> [YOUR TASK] Going through the entries below, count each line that holds "with" and give only the total.

> [INFORMATION GIVEN]
=== Section Start ===

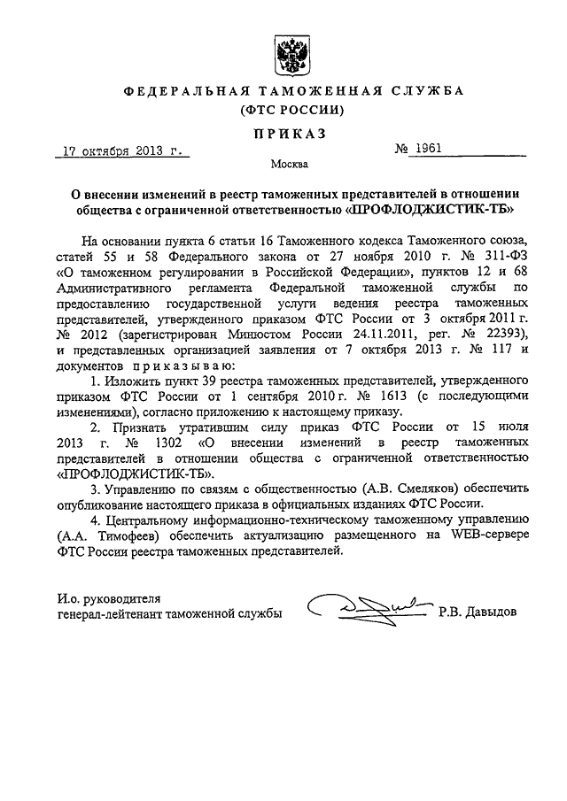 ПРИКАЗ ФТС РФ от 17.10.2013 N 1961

=== Section End ===
=== Section Start ===

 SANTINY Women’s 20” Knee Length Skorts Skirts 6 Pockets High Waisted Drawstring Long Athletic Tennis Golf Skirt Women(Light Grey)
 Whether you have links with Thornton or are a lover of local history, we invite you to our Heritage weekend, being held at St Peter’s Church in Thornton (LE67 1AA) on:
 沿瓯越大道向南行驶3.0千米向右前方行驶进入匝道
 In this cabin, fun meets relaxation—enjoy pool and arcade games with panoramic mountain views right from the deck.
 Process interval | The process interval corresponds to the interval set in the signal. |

=== Section End ===

> [YOUR RESPONSE] 2